А квартирка у Саши оказалась совсем уж запущенной. Мебель, которой лучше бы на помойке стоять, ржавая железная кровать, на которой зачинали еще первых кроманьонцев. Или как минимум его родного дедушку. Из относительного новья — пленочные экраны-трехмерки на окнах. Благодяря им, вместо блошиного рынка, видишь едко-синее море, катящее сопливо-блестящие волны на токсично-желтый песок. Уже через пару минут начинаешь жмуриться и отводить глаза.
Но пили мы хорошее — древний армянский коньяк из янтарного цвета бокалов.
Если честно, я не очень люблю встречать сокурсников, одноклассников, товарищей детских игр. Те, у кого жизнь не удалась, давно уже вылетели в трубу с помощью «Элизиума» или исчезли в мясорубке у трансплантологов. Немногие уцелевшие доживали в глубоком миноре, выращивая у себя внутри порцию почек и трехкилограммовую печень — вырастил с помощью генной стимуляции, прямо в нанопленочной упаковке с имуннорегулирующими свойствами, продал свои потроха по дешевке посредникам, «приконнектился», забылся. И зачем общаться с этими ходячими плантациями органов?

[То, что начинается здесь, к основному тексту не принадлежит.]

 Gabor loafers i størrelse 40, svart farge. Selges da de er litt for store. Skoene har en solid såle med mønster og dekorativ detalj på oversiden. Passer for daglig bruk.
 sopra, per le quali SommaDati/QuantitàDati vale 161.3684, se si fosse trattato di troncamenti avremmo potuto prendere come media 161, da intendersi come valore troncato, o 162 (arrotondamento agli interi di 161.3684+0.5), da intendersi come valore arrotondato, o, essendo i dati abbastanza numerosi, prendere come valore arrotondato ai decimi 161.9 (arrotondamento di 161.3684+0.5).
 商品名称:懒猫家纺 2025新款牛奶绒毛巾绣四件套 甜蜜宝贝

Есть, конечно, и такие, у которых всё в шоколаде — жизнь удалась, в современном смысле этого слова. Нормальный счет в банке, при котором не придет добрый дядя с предложением продать богатеньким гомикам детишек и внутренние потроха, хорошая работенка, с которой не выпрут при любом неудачном чихе. Он — или кочующий менеджер, умеющий присоcаться к любому финансовому потоку, или служит в ЧОПе. Но я не любитель слушать их натужную похвальбу в пиндосовском стиле, да и неприятно видеть, что люди тупят, потому что так теперь принято.
А вот Саша Рождественский представлял какое-то исключение. Его жизнь явно не удалась, но он был жив и, что самое интересное, бодр и весел. Это заражало. Пара минут разговора с ним и я стал отвечать давно заржавевшими шуточками. А еще через пять минут стала откликаться и дама весьма строгого вида. Но делала это, как будто преодолевая внутреннее сопротивление, что было видно по напряжению, застывшему на ее лице.

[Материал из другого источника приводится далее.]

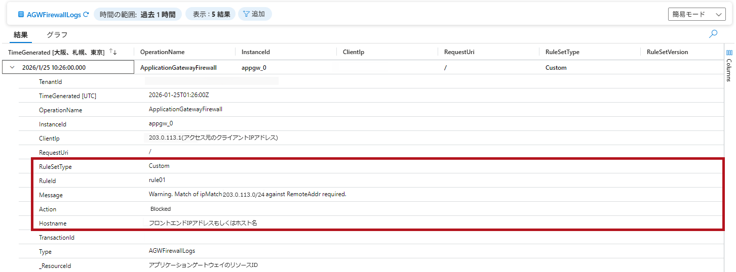 WAFポリシーで作成したカスタムルールのログをLog Analyticsで確認
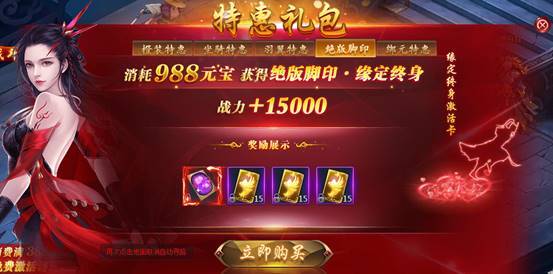 花费988元宝可获得绝版“缘定终身”脚印一个,走路都带风。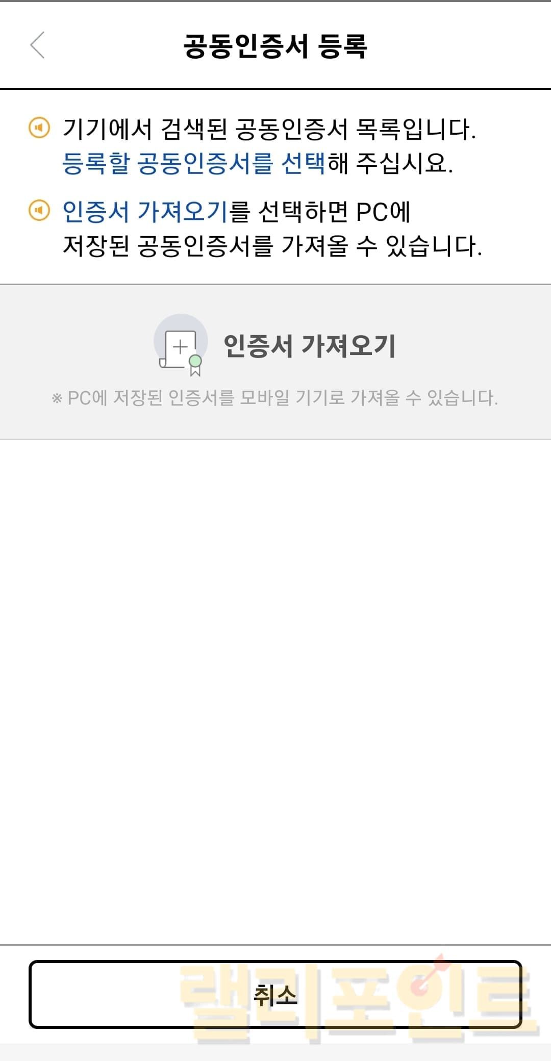 1. 등록할 공동인증서를 선택합니다.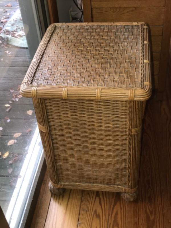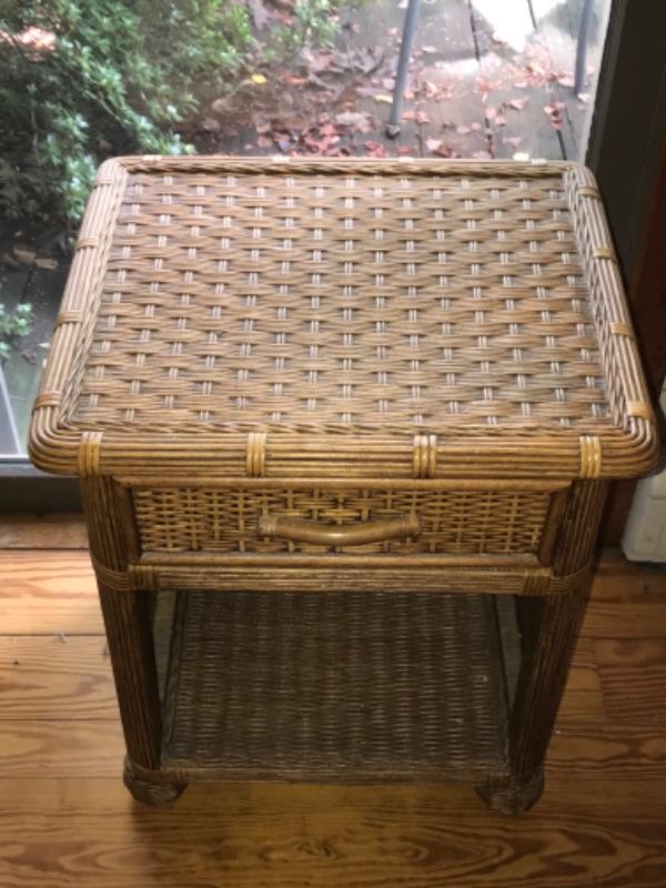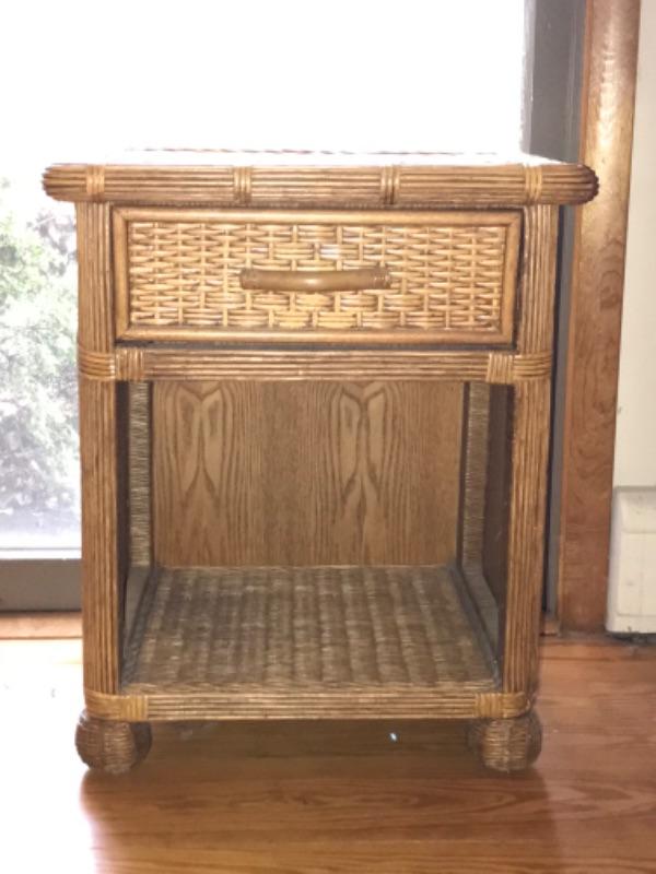 Wicker headboard measures 4’6” high and 4’10-1/2” wide. Nightstand has one drawer and measures 2’2-1/2” high 1’9” wide and 1’6” deep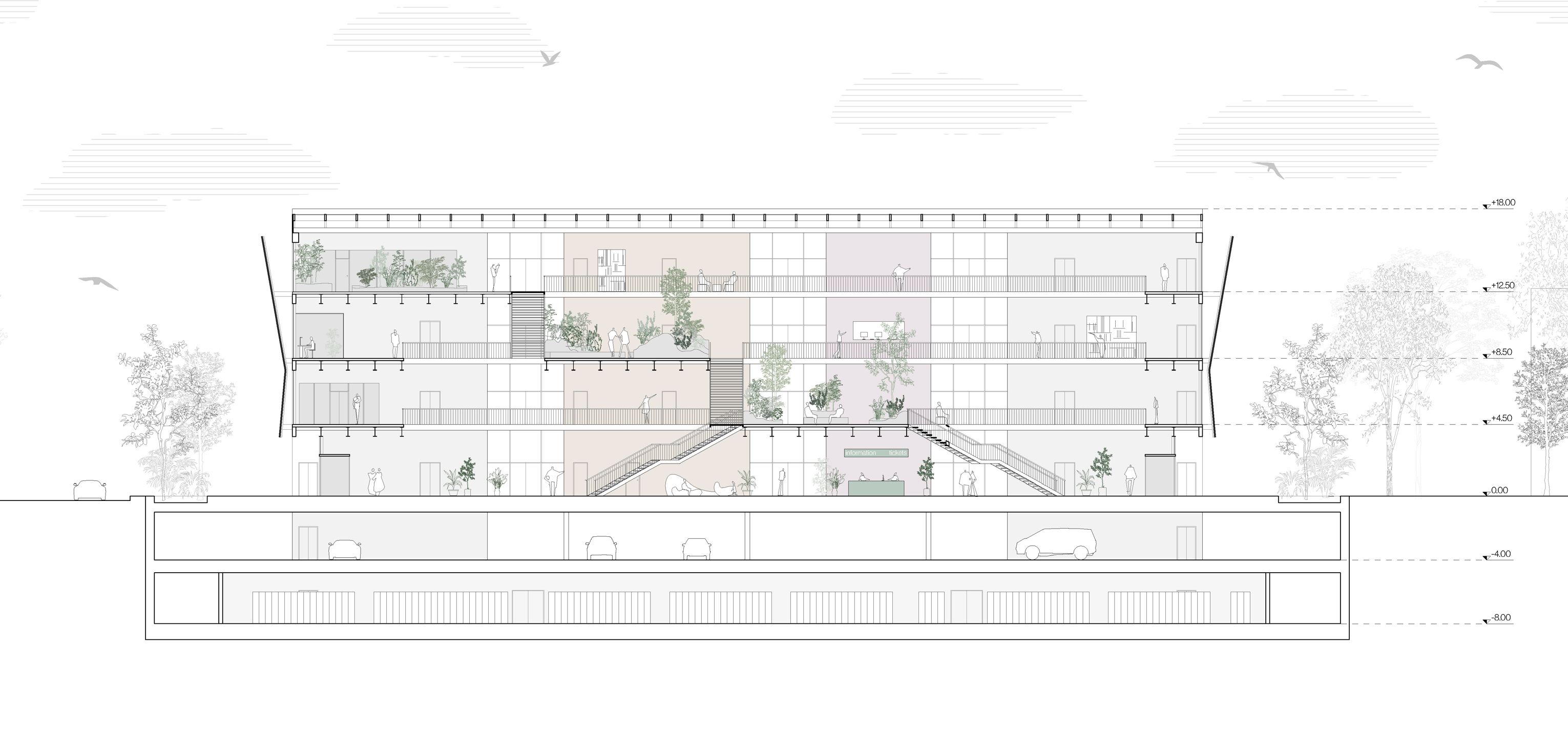 As a climatic organism, the library uses light, structure, air, and organic matter to shape how information is experienced and shared. It is a compact spaceship for ideas, precise and legible—a realistic utopia.

Наконец, дама пошла на кухоньку — вняв предложению Саши пожарить кусок мяса непонятного происхождения — на упаковке с весело пляшущими иероглифами был нарисованы какие-то не менее веселые насекомые.
— И так с чего ты, Паша, к лекарю пошел?
— Я же сказал, за лечением после психотравмы.

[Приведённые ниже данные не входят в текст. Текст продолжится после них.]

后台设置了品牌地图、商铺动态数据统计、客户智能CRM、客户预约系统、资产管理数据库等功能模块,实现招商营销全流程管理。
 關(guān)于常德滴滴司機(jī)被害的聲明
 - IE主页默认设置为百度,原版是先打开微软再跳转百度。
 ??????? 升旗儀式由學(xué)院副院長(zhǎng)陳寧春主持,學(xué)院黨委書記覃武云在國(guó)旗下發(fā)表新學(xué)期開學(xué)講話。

— А я про тебя другое знал. Публицист, писатель, если не солнце русской поэзии, то и не черная дыра, на всех свысока поглядывает: мол, гений я, а вы, в лучшем случае, менеджеры среднего звена. Видел как-то книгу с твоими рассказками — едва не купил, трех рублей не хватило. Не пожадничал, на самом деле в карманах пусто было. «Над пропастью заржи», кажется, называлась. Чуть-чуть премию «Пукер» не получила, как на обложке значилось. Полистал — ничего, меланхолия сплошная, сюжеты надуманные, герои одинаковые, ни на что не способные, кроме гадостей, рефлексируют всё себе, онанируют, на славную русскую историю какают, ближнему подсирают, но не без юмора.